Title: Re: Drain Venting
Post by: Lin on October 17, 2010, 09:15:35 AM
Our fixtures were not vented, so aside from slow draining, you could hear the gurgling from one fixture as another one drained.  I decided to try an AAV.  My plan was to pick a spot in the system that would do the job for everything.  If the first one did not work, I would add another and even another if needed.  The first one did work; no slow draining, no gurgling, not empty traps.  Unlike with electricity, where shortcuts may have invisible, dangerous consequences, the obvious performance of the fix is a good enough test.  That said, if I was building new, following the rules would be a good idea.
Title: Re: Drain Venting
Post by: steve wardwell on October 17, 2010, 09:22:06 AM
when dumping we run water so as not to allow the traps to empty ...once  the massive dump is  over,, the traps remain filled and the water will just trickle out the drain we shut off the water flow then close the dumpvalve last..... thus eliminating a odorous affair and a expedited Exodus  by all partys from the offending bus........s.....
Title: Re: Drain Venting
Post by: Jriddle on October 17, 2010, 10:44:50 AM
I installed three 1 1/2 vents.
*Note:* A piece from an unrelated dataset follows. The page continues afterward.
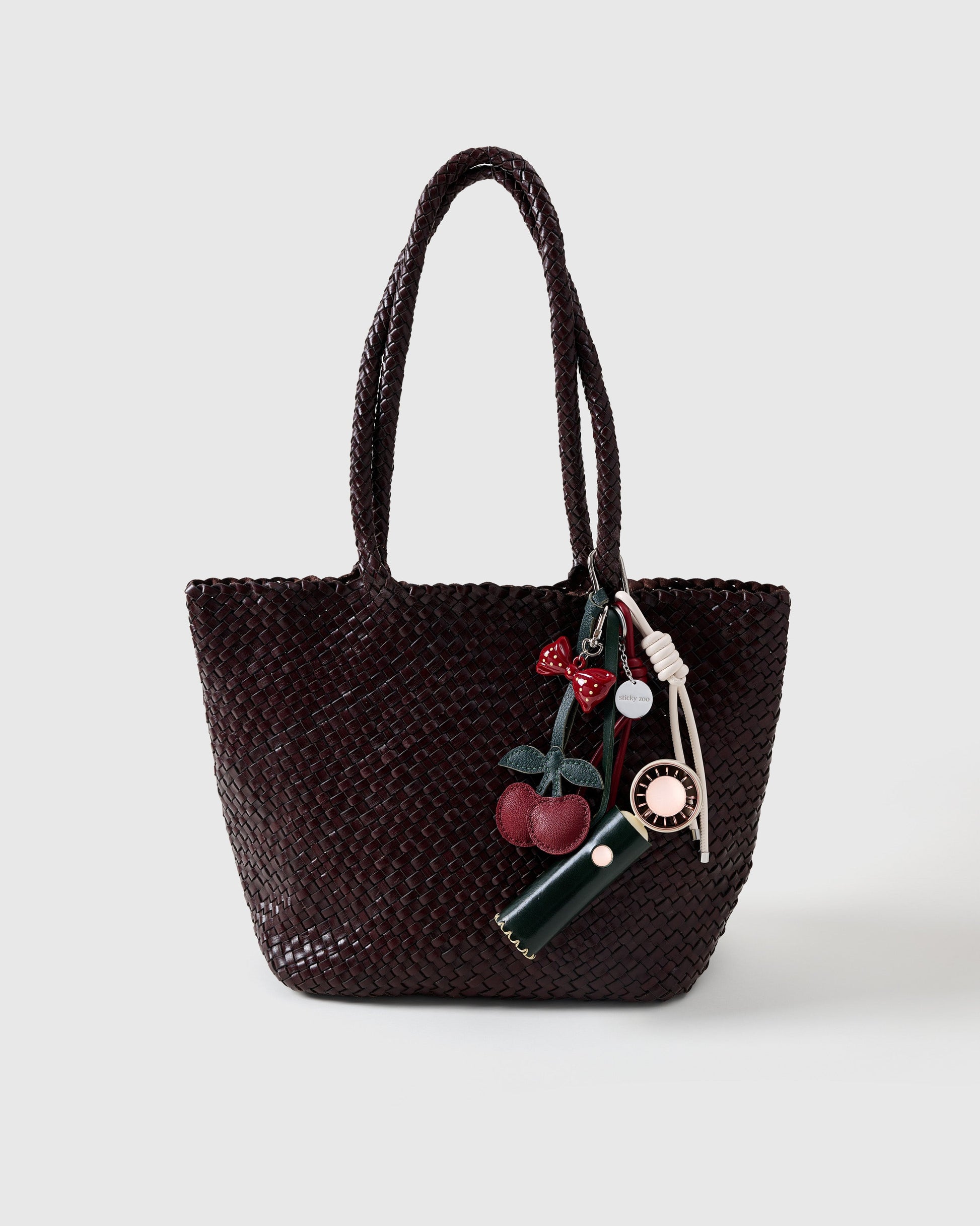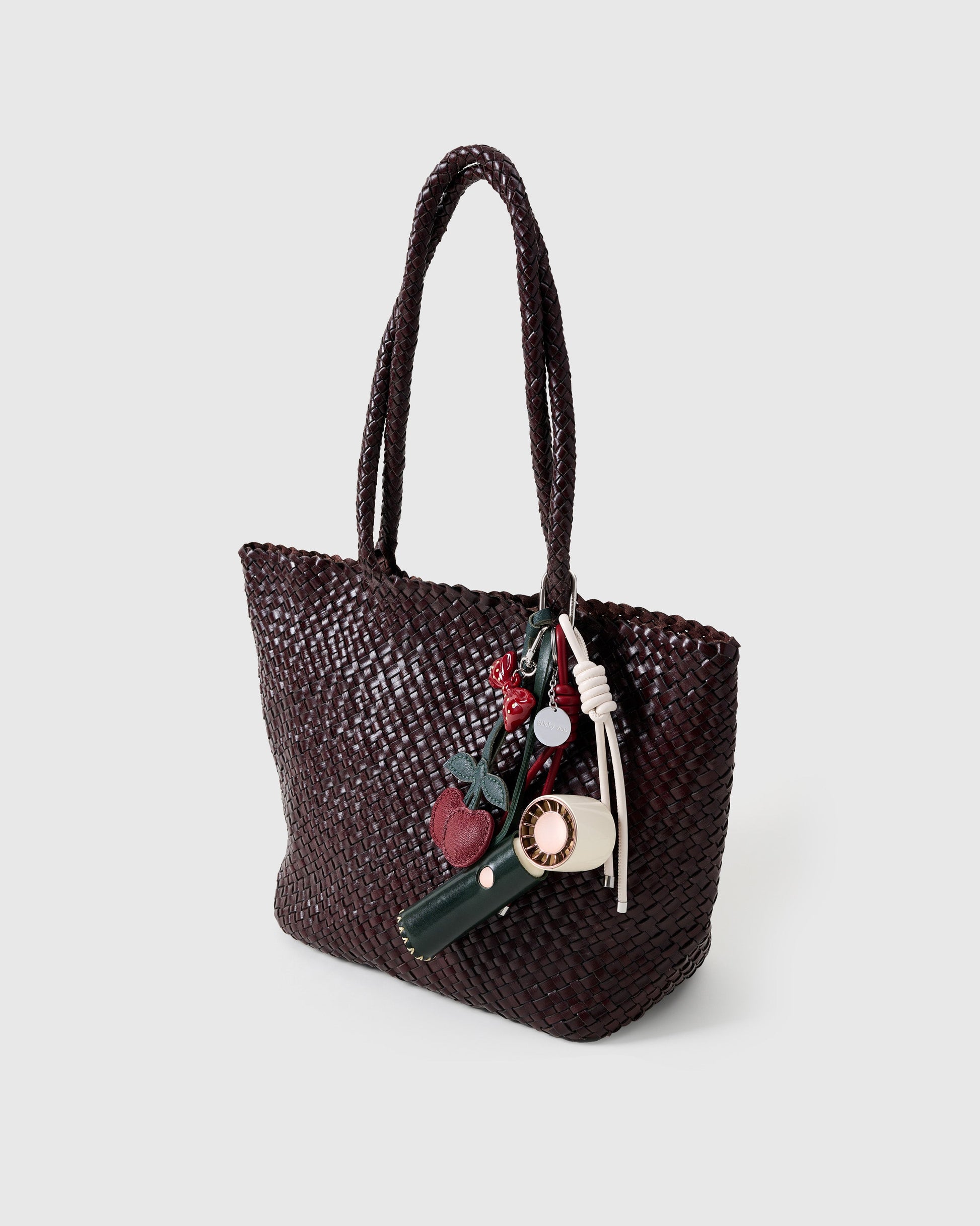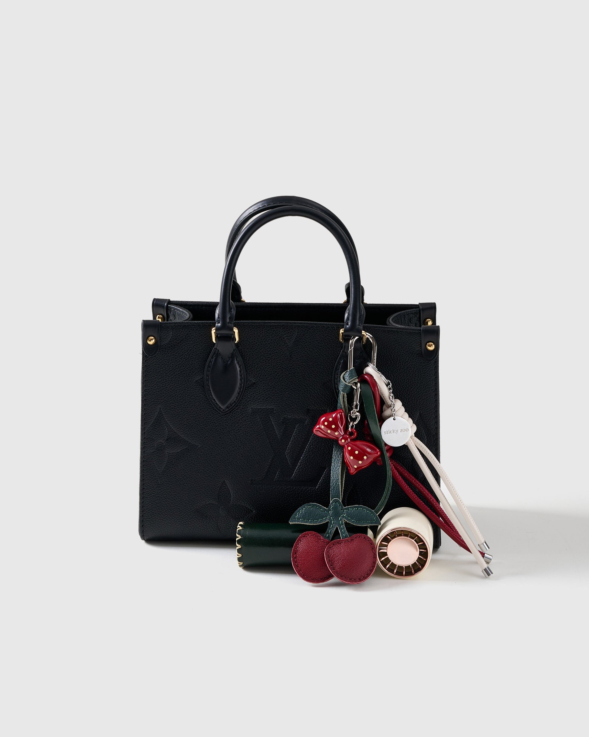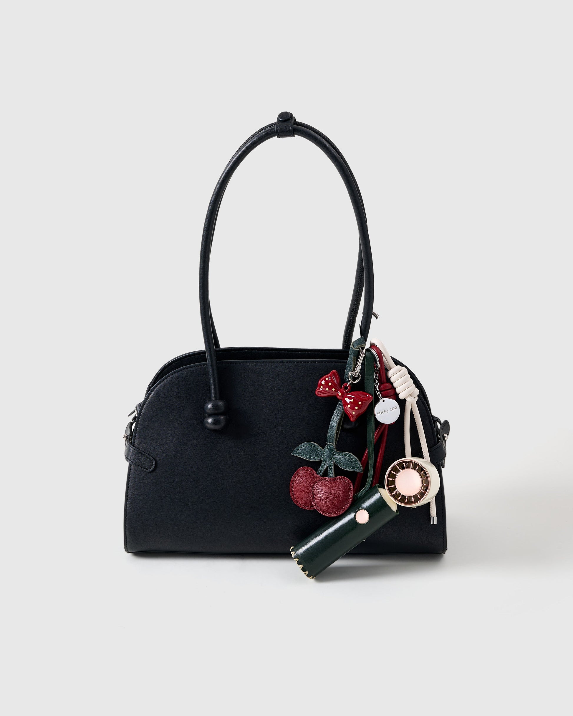This one’s cherry-picked to perfection. The Cherry Charm - Cool Stack features a deep forest leather shell, glossy bow topper, and stitched double-cherry dangle for that polished-yet-playful vibe. But it’s not just a looker—hidden inside is a rechargeable, whisper-quiet mini fan (yep, really), perfect for heatwave commutes or glam breaks between snaps. Finished with vanilla and cherry red Sticky Zoo® ropes and a stainless steel hook engraved with our logo, it's everything you didn’t know you needed, but now totally do.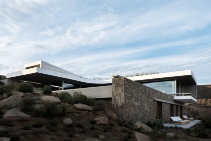 A residence that embraces the terrain – the Aimasia Residence by A31 Architecture above Elia Beach on Mykonos merges Greek building tradition with contemporary design.

One for the kitchen sink , one for the shower and bathroom sink and one to vent the gray/black combo tank. I have not had any problems with smells or traps emptying. I did have to put holes in the roof but having the system work right meant more to me than the looks of my vents on the roof. I installed my tank vent in the down pipe from the toilet. I did this so when we flush the smell would not come into the bus. Seems to work better than I anticipated.

John
Title: Re: Drain Venting
Post by: belfert on October 17, 2010, 02:45:11 PM
I only have one combined tank and just one vent.  I guess you could call it a wet vent as that line is also the drain for the shower.  No issues I am aware of with slow draining.